One exercise we did as a class that I found instructive was the consensus circle. I have always been a lot more successful at one-on-one interactions than any kind of group discussion (except for class discussions, where you can raise your hand). I cannot judge conversational timing, or tell the difference between a pause and the end of someone's turn to speak, and I turn my thoughts into words so slowly that I'm usually running several jumps behind the conversation in terms of what I'm ready to express. Not surprisingly, group conversations almost always leave me behind. I expected this to happen during the consensus circle, so I proposed that we discuss that: how can people with poor communication skills gain access to full participation in a group discussion? We never got around to addressing that question explicitly, but there are several methods the consensus circle uses that help lower the barriers to participation.

They include:

  • explicit, agreed-upon nonverbal signals, such as "twinkling" your agreement (spreading your hands and wiggling the fingers) or steepling your fingers if you want to speak next
  • use of a "talking stick" or other formal way of recognizing who is speaking
  • having officers, the Facilitator and Vibes Watcher, whose duty it is to keep the discussion on track, make sure no one person dominates, make sure everyone has a say who wants one, and monitor the emotional undercurrents of the discussion and defuse any overly intense situation

Again, the dynamic at this particular session was so laid-back and welcoming that I was able to participate in group discussions without all that rigmarole, but those are ideas I could use elsewhere, if I think I am being shut out. In particular, the rule that explicit signals be used looks like a good one, and a great equalizer for autistics, who lack the body-language-reading ability that NTs take for granted.
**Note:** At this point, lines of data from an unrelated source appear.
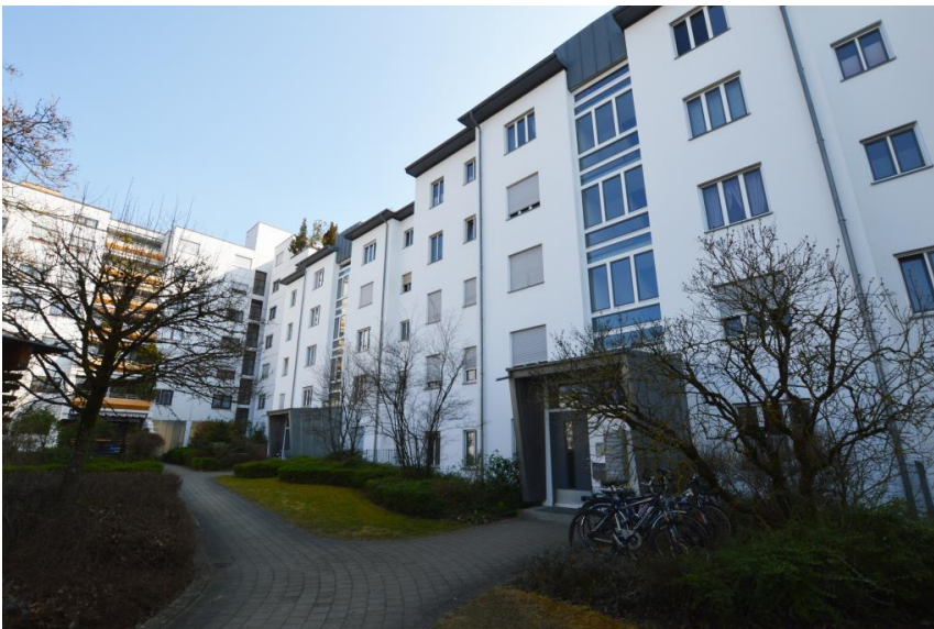
Gefällige Architektur ...
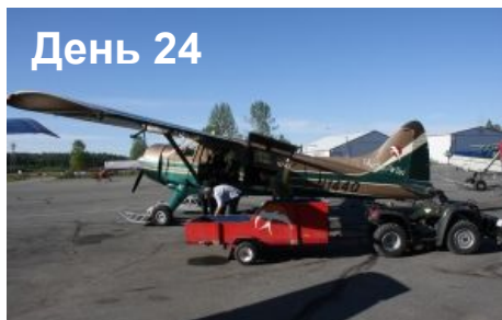
Возвращение в Анкоридж. Мы организуем групповой трансфер в Анкоридж. В неиспользованные резервные дни возможна организация рыбалки на королевского лосося, фото-охоты на медведя гризли и т. п.
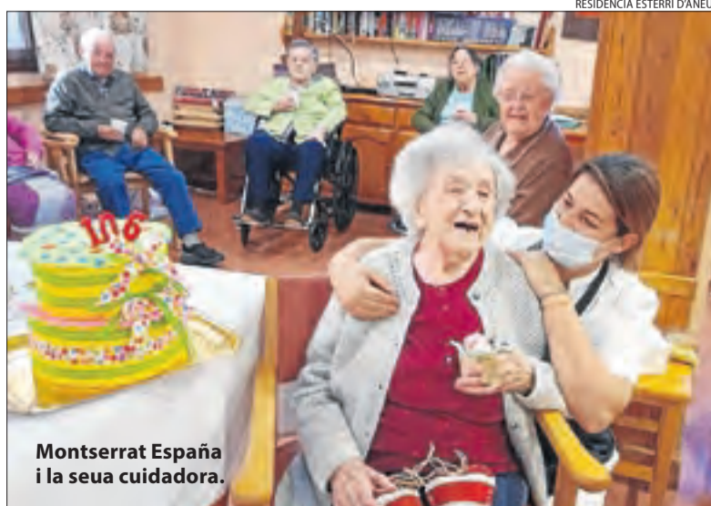
RESIDÈNCIA ESTERRI D'ANEU
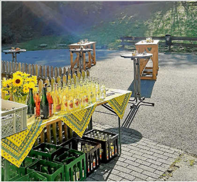
Apero „Rohrspatz Craft Cider“ an der Lochsägmühle Neubulach
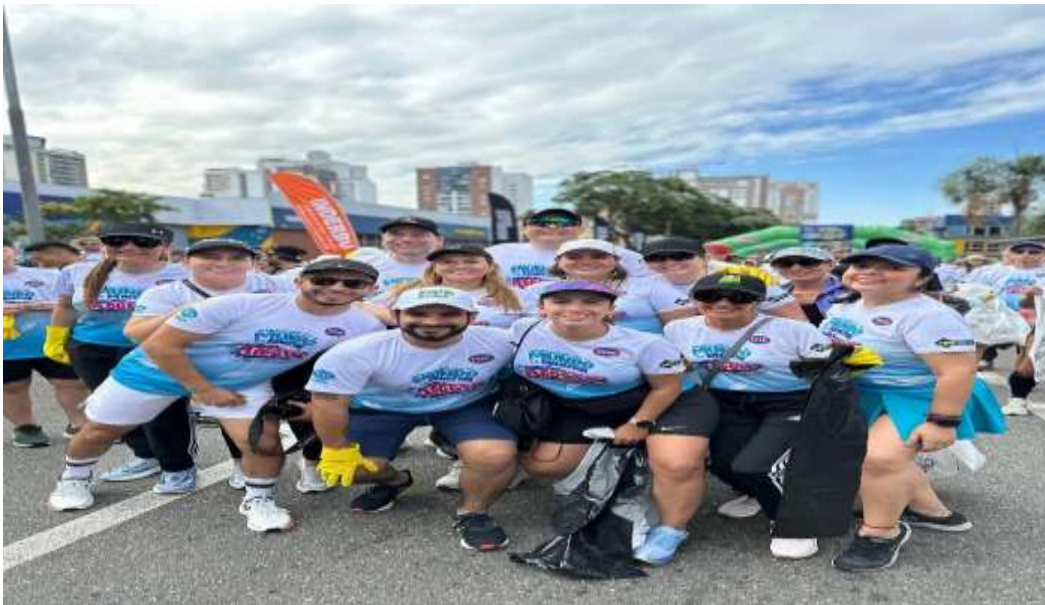
Imagen de algunos participantes en la carrera de plogging
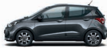
Çakıl Gri (U3G-Metalik) + Koyu Gri (TMT), Bej (YBE), Kırmızı (MRE)
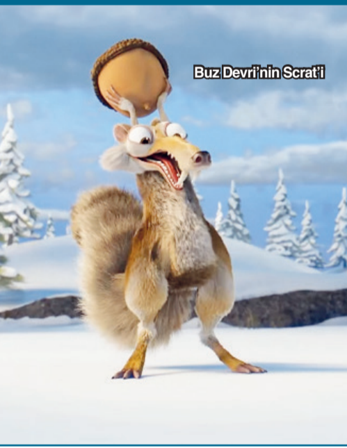
Buz Devri'nin Scrat'i
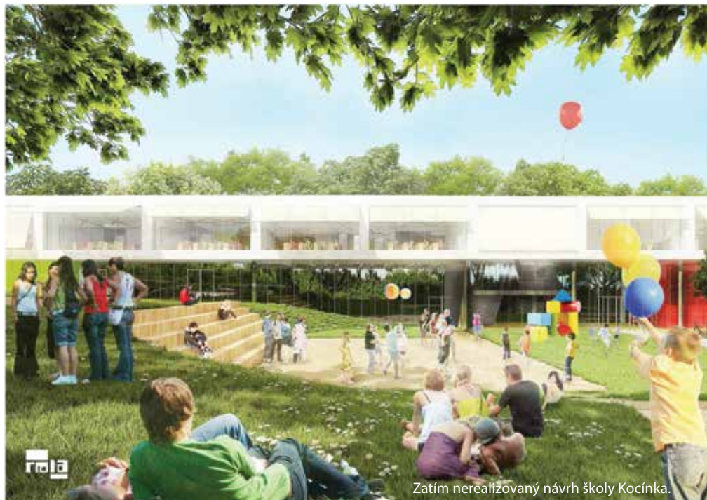
Zatím nerealizovaný návrh školy Kocínka.

Anketa, setkávání s občany, zapojení spolků i sportovních a volnočasových organizací – zhruba rok trvající proces vedl v roce 2017 k vytvoření dokumentu Plán pro Ladronku, strategického dokumentu, který obsahuje sedmnáct opatření, jak v následujících deseti letech toto místo vylepšit a zkvalitnit. Na začátku ovšem byly obavy hlavně lidí z okolí, z dalšího zvyšování kapacity bez toho, aby tomu odpovídalo zázemí nebo přibývalo parkovacích míst. Uživatelé parku zase viděli jako problém sníženou bezpečnost pohybu. Mnozí se báli rozšíření cest na úkor zeleně. Spokojen nebyl nikdo. Radnice proto zahájila proces participace, vytvořila pracovní skupinu pro Ladronku a začala o budoucnosti volnočasového parku diskutovat se spolky i dalšími subjekty, aby vznikl plán, jehož životnost bude delší než jedno volební období. Povedlo se najít shodu, kdy vedení městské části deklarovalo, že nechce na místo přilákat další tisíce návštěvníků, ale že jí jde o zvýšení komfortu,

*There is one theory, advanced by Morton Ann Gernsbacher, that the deficits in communication observed in autism are not deficits of social attachment, attention or "theory of mind," but rather arise from "executive" problems --- i.e., trouble verbalizing or acting on thoughts. The paper I link to establishes a correlation between autistic toddlers' motor skills and later speech fluency, which would support the hypothesis she put forth in a lecture at KU, that this lack of executive control explains the communication difficulties that characterize autism.

3 comments:

stevethehydra said...

Thanks a lot for this. I have a lot of posts planned on similar issues (which may or may not ever materialise, given my posting rate).

I will have to come back to this when i have more time, but i think there's a LOT that the radical ecology/anti-war/NVDA etc movements and the disability movement can gain from each other (and some potential conflicts as well)... but, comparative accessibility of hirarchical and non-heirarchical decision making processes for neurodiverse people is an INCREDIBLY exciting subject... :) :)

thinkingdifference said...

do you think it could be the environment? i have no experience with autism, but from what you describe, it made me wonder. there seems to be more silence in rural environments, and a pace of life closer to nature (you wake up with the sun, go out when the sun is not burning, etc.). what is your impression?

Anonymous said...

I lived in a communal living situation for a few years and I loved it. I was just diagnosed with asperger. I would really like to live communally again and would appreciate any feedback on how to do this again. Someone I knew asked me to join their home last time. I found that it was great because we were all working on taking care of our health by eating right, exercising, meditating and other activities that help promote a nurturing home.